Rick
The Anglo Saxon
[The AI transcript of Anglo Saxon’s video, below, was kindly provided by Geoff Parker.]
Across New Zealand, signs have gone up declaring “Decide together, thrive together”. At first glance, the slogan sounds appealing. But hidden within that phrase is the essence of the problem with Māori wards. The word together implies dual authorities – iwi on one side, councils on the other – instead of one single democratic authority representing all New Zealanders.
This is not a minor difference. It cuts to the very heart of how a country is governed. On one hand, there is collective rule – the tribal model in which power is dispersed across many overlapping authorities. On the other, there is sovereign rule – a single authority within fixed borders, accountable to all citizens. These two systems are polar opposites. You cannot have both.
Māori tribalism was based on collective rule: hundreds of chiefs exercising fragmented power, with disputes resolved by shifting alliances and often by war. In contrast, European societies eventually abandoned this same fragmented model. After centuries of bloody conflict, the 1648 Peace of Westphalia established the principle of sovereign territorial rule: one supreme authority within set borders – a foundation for representative democracy and stable nation states.
The Crown brought this model to New Zealand in 1840. The Treaty of Waitangi extended the rights of British subjects to all Māori, emancipating the common class from servitude under the rangatira elite. It gave every individual, regardless of ancestry, the chance to participate in the most successful system of governance ever devised – democratic sovereign rule.
But ever since the 1970s, New Zealand has drifted back toward tribalism. The Waitangi Tribunal revived grievance politics and empowered iwi elites with vast resources, while ordinary Māori were left behind. Calls for Māori wards and iwi appointments to councils are not about fair representation – Māori already vote and stand for office like everyone else. Instead, they embed an unelected tribal authority alongside democratically elected councils, re-establishing a form of collective rule.
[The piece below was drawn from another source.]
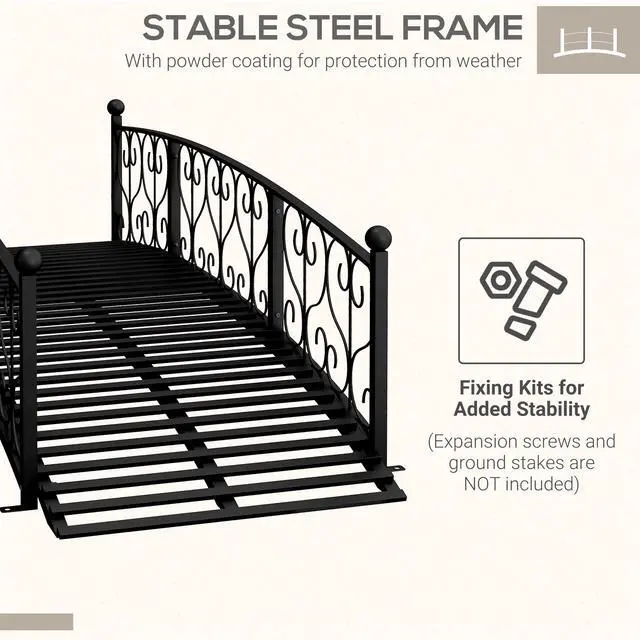 Aosom's vintage-style pond bridge features safety rails and adds charming antique decor to your backyard stream, zen garden, creek, fish pond, or walkway. A centerpiece for your landscape, watch as the antique scrollwork "S" shapes draw in your eyes, and put the cherry on top of your garden. Practical landscaping can be exciting. Have form and function with this fantastic Aosom footbridge.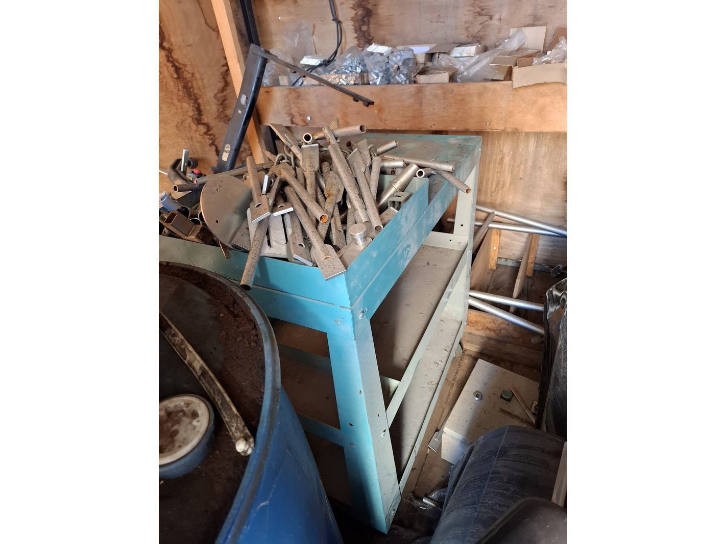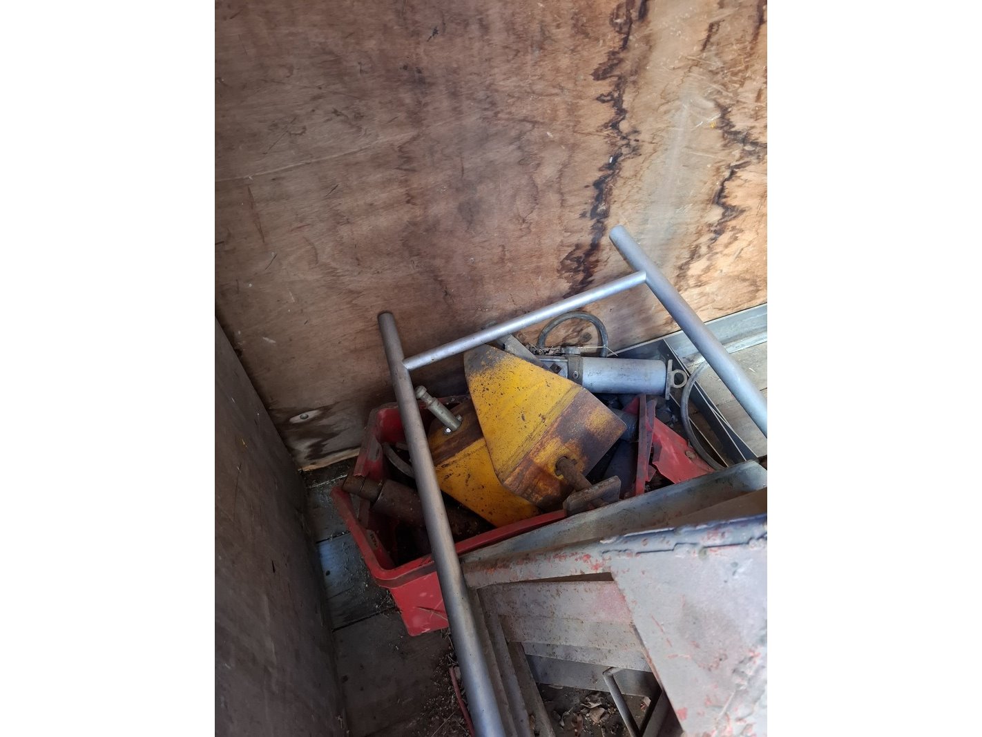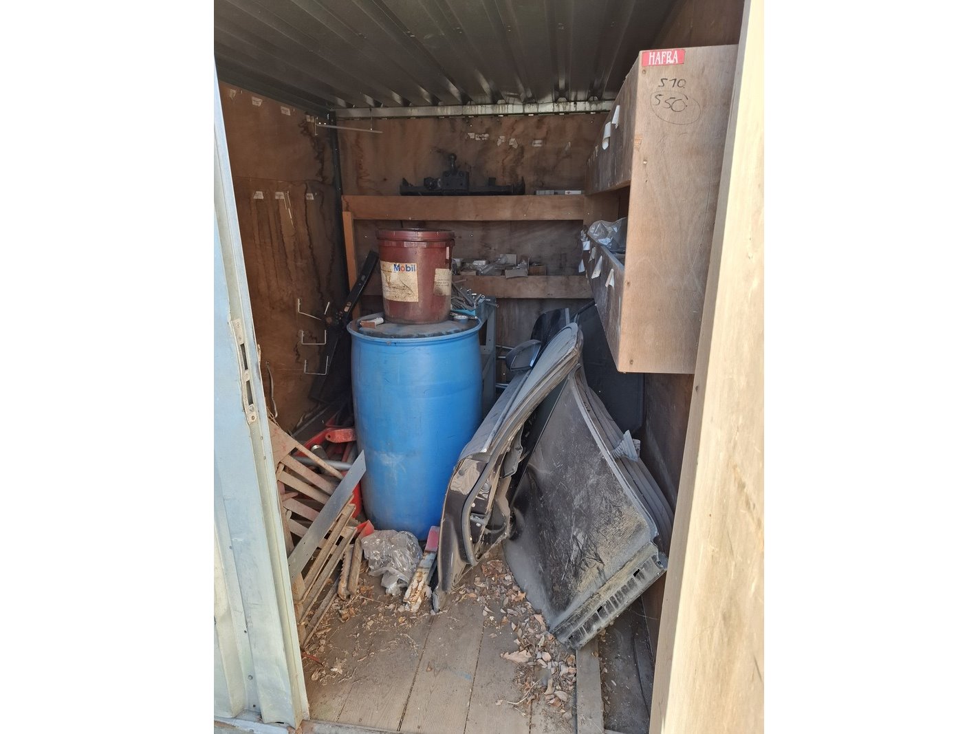 Product: Materiaal container Afmeting: lxbxh ca. 295 x 218 x 216 cm Conditie: gebruikt Specificaties: Inhoud bestaande uit o.a. metalen profielen, auto onderdelen, trekhaak unit, stempel materiaal, etc.

History shows the dangers of such systems. Collective rule fosters instability, competing jurisdictions and endless disputes. Europe abandoned it because it led to war. Pre-Treaty New Zealand was wracked by intertribal conflict, culminating in the musket wars that decimated the Māori population. Collective rule cannot coexitst with sovereign democracy. The two systems cancel each other out.
If New Zealand embraces Māori wards, we set ourselves on a path back toward fragmentation, division and conflict. Every step toward tribalism is a step away from equality, unity and the democratic system that allows ordinary Māori – and all New Zealanders – to thrive.
This is NOT Just about local councils. It is about the future of our nation, the stability of our democracy and the wellbeing of generations to come.
Decide together, thrive together is a false promise. The truth is simpler: Decide as one, thrive as one. VOTE NO TO MĀORI WARDS.